Ok, friend in place? Wood in place? Master cylinder full? Lets play a game, its called the "up and down game".

1 - Tell your friend to slowly press down on the brake pedal. The idea here is not to stomp on it. A slow press is key. Tell them to keep pressing once it gets firm. Tell them if they let up on the brake pedal before you tell them to, they loose the game. The loser buys lunch. Have them shout "down" while the press and hold.

2 - As they are pressing you open the bleed screw. Brake fluid will come out. Once the flow of fluid stops. Close the bleeder screw.

3 - Tell them to take their foot off the brake pedal.

4 - Go back to step 1 - do this 10x per rear wheel.

Don't forget the little rubber cap on the bleed screw, this keeps crud out of the wheel cylinder bleed screw!

While in my opinion its fine to just bleed the rear wheels, if you feel the need to do so, the proper sequence is as follows:

Right Rear, Left Rear, Right Front, Left Front.

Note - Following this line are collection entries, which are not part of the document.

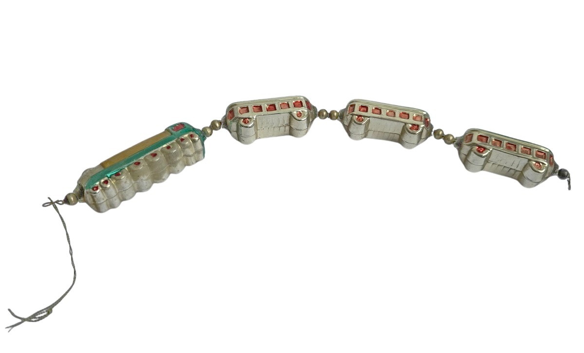 This extraordinary, very rare Christmas tree ornament from Gablonz depicts a train. The artistic craftsmanship and authentic design make it a unique collector's item. Guaranteed antique, not a reproduction — a truly unique piece from around 1930. Perfect for a high-quality collection or as a special decorative piece.
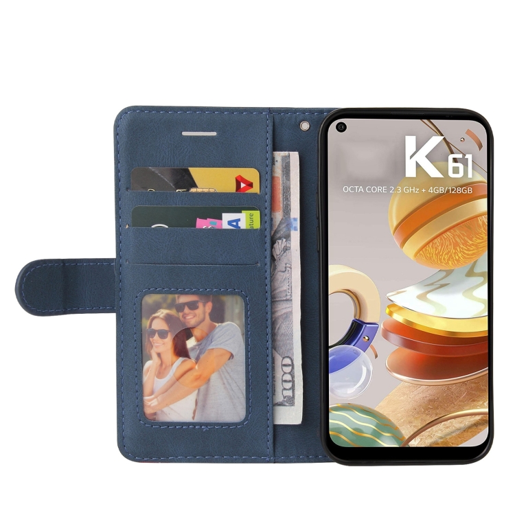 Funda de Cuero Horizontal Flip Pu para LG K61 con Soporte y Ranuras para Tarjetas (Azul)
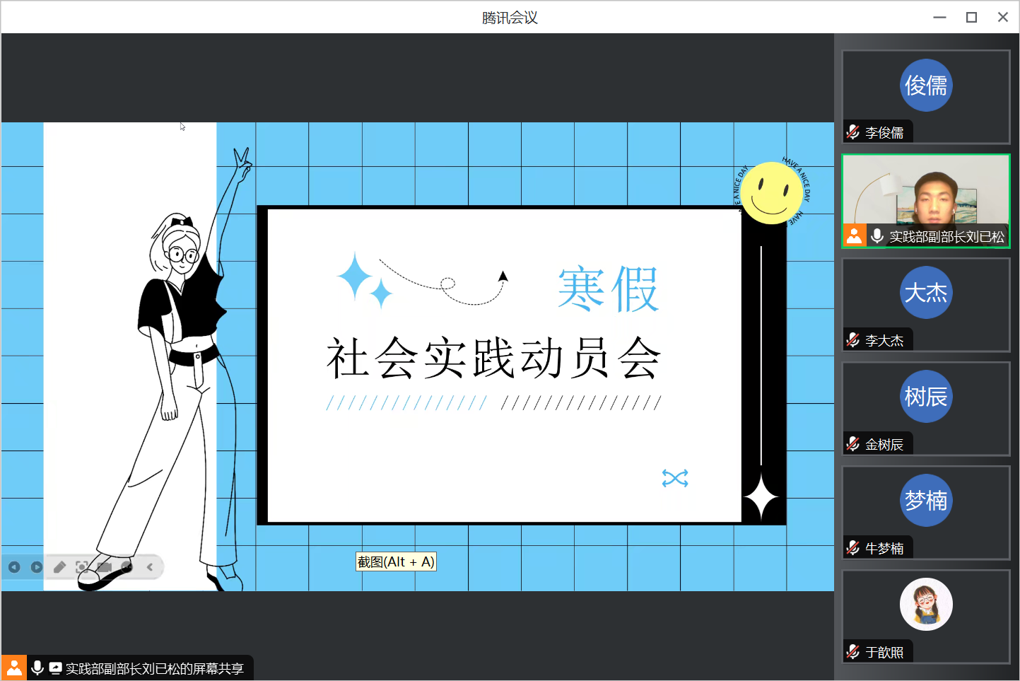 团委于2023年1月12日以线上的形式开展了2024年寒假社会实践活动动员会,主题是“汇聚青春力量,激励挺膺担当”。会议由团委实践部副部长刘已松主持,分三部分展开。
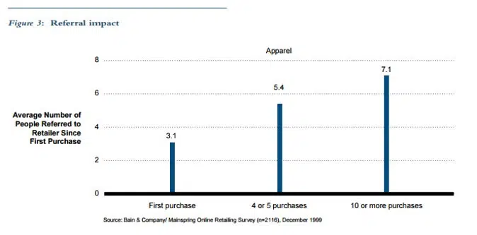 Les études montrent aussi que les clients fidèles ont tendance à dépenser plus d’argent (panier moyen plus élevé), à acheter plus souvent et à parler de votre marque à plus de personnes. La fidélité client augmente le « referral »et donc le bouche-à-oreille.
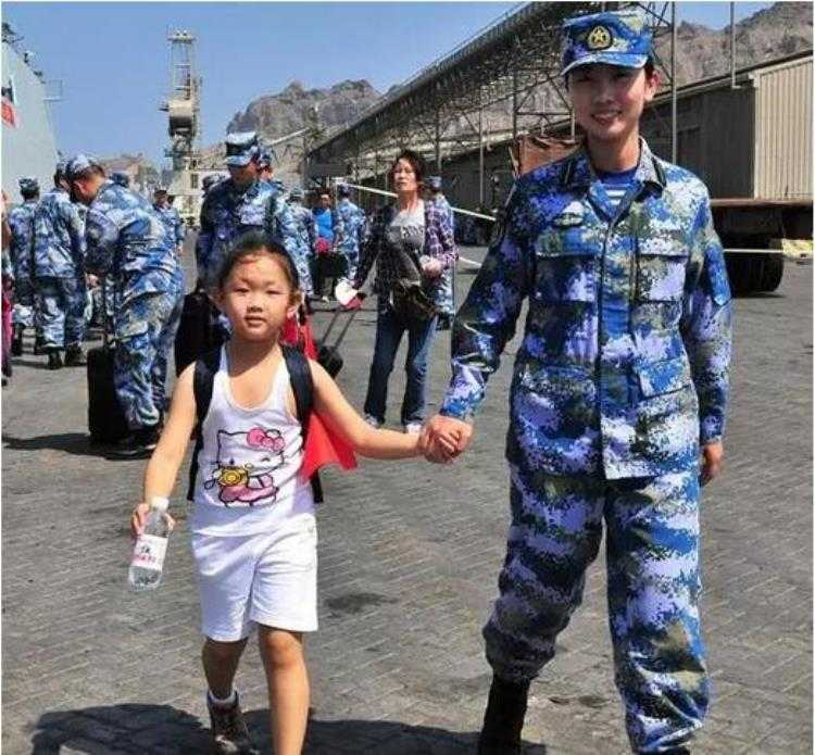 编队夏平政委就有一张牵手巴基斯坦小女孩的照片,当时这家人一两岁的孩子由父母抱着,另一只手还要拖着大大的行李箱,五六岁的小女孩便没人照顾,只得独自跟在大人身后。夏政委看到这样的情景心疼不已,跑上去一只手牵着孩子的手,另一只手拖着行李箱。厚而有力的手掌温柔地牵起棕褐色的小手,他们的背影多像慈父爱怜女儿。
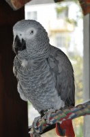 Domingo says “hello”, meows, barks, sings, and laughs. He has a deformed toe on his left foot. He has one gray feather in red tail (see picture).

Step 19 - Brake Adjustment.

Reinstall the rear wheels. Torque the lug nuts to 81 Ft/Lbs.

When your all done go see how the pedal feels. It should feel firm. Pull up HARD on the parking brake 4-5 times. With the parking brake "on" press hard on the brake pedal. Now let off both the parking brake and the foot brake. Next press the foot brake, and THEN pull the parking brake. This will center and adjust the brakes. Do this 3-4 times in a row.

Pull the parking brake up 4-5 notches, and adjust the cable (at the center console) so the wheel can no longer be turned by hand.

Release the parking brake, and make sure the wheels rotate freely.

Lower the car, go for a drive.

Enjoy your properly installed and well adjusted drum brakes.